Did that new relationship immediately start off with a $30 million prenup?
That sort of feels like what happened when Pittsburgh Penguins general manager Ron Hextall signed forward Rickard Rakell a few hours after it became known that Evgeni Malkin was about to enter free agency.
I’m not going to suggest Rakell’s signing was done totally out of spite. But I’m also not going to rule out the possibility that some may have been present when Hextall made the final call to Rakell’s agent.
Alright. I’m exaggerating with that last part, but I don’t think I’m too far off on the rest of it.
But then Malkin reversed course and signed a four-year contract to stay in Pittsburgh late Tuesday night, and the tone surrounding Rakell’s contract changed.
Now the debate is about whether that deal is going to prove to be a good one on its own merits, independent of what role it played in the drama surrounding Malkin.

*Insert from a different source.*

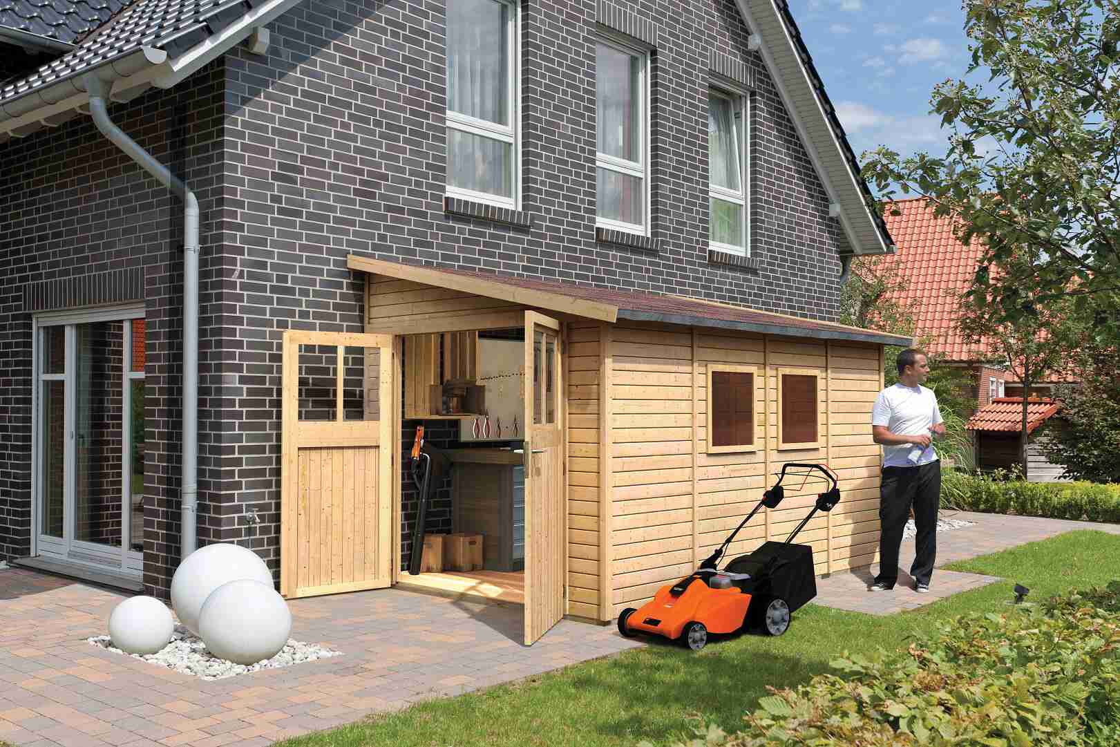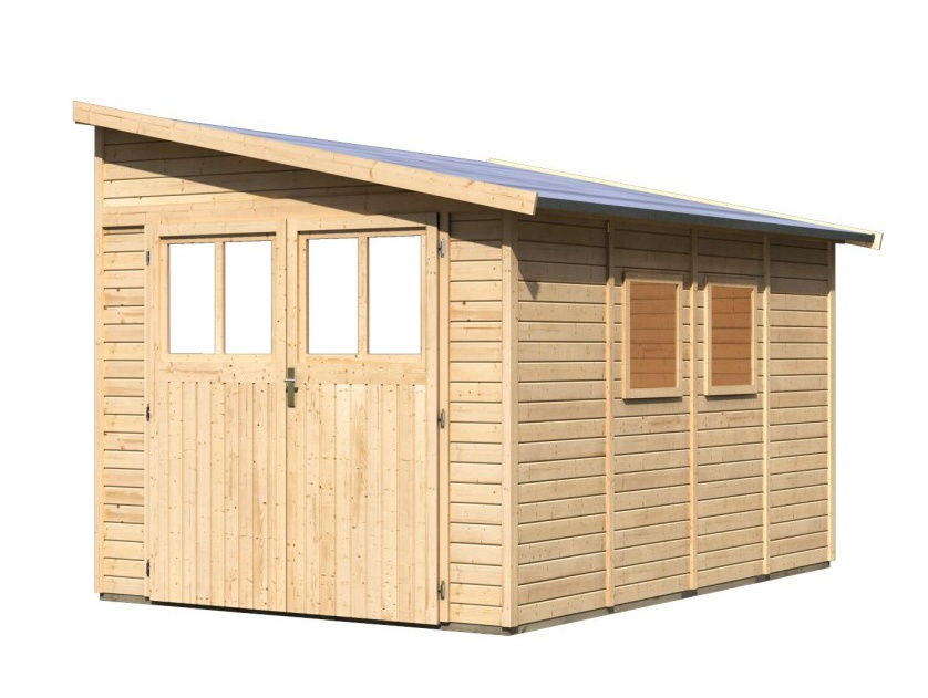 Dřevěný domek ke zdi. V domku můžete uskladnit zahradní techniku, nářadí nebo si v něm vybudovat kutilskou dílnu. Domek má šikmou střechu a jedny dvoukřídlé dveře na pantech s oknem v každém křídle. Stavebním materiálem domku jsou dřevěné profily síly 19 mm perfektně vyfrézované ze severského smrku. Dodáváme jako stavebnici v rozloženém stavu, kde stěny tvoří jednotlivé dřevěné profily, které pouze sesadíte k sobě a sešroubujete, střechu tvoří celistvá deska. To garantuje extrémně jednoduchou montáž, kterou zvládne každý český kutil.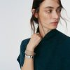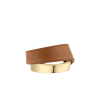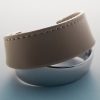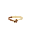 La manchette Ormé se compose de deux éléments incurvés, l’un en métal et l’autre en cuir. Les points de couture réalisés à la main et le rivet assemblant les deux pièces rappellent l’artisanat maroquinier.

Don’t get me wrong. Rakell is a good player. He was a nice acquisition at the trade deadline by Hextall. I hoped to see the Penguins make a run at keeping him. I just didn’t see them giving him $5 million a year.
The Swedish winger will turn 30 during the second year of the deal. After back-to-back 30-goal seasons in Anaheim in 2016-17 and 2017-18, Rakell’s 20 goals last year (four with Pittsburgh in 19 games) were the most he has been able to muster. He has not totaled more than 43 points since his career-high 69 points in 2017-18.
Rakell did show some decent chemistry with Sidney Crosby when the two were on a line together. But it seems a bit optimistic to assume there’s a lot more to tap from Rakell than what the rest of the league has seen in his first 10 years. At least not to the degree that the Penguins were perhaps bidding against themselves with this contract.
To some extent, that appeared to be the case because I can’t imagine Rakell’s representatives would’ve swayed their client away from unfettered free agency to tether him to a city that he barely knows, with a team that hasn’t won a playoff round in four years.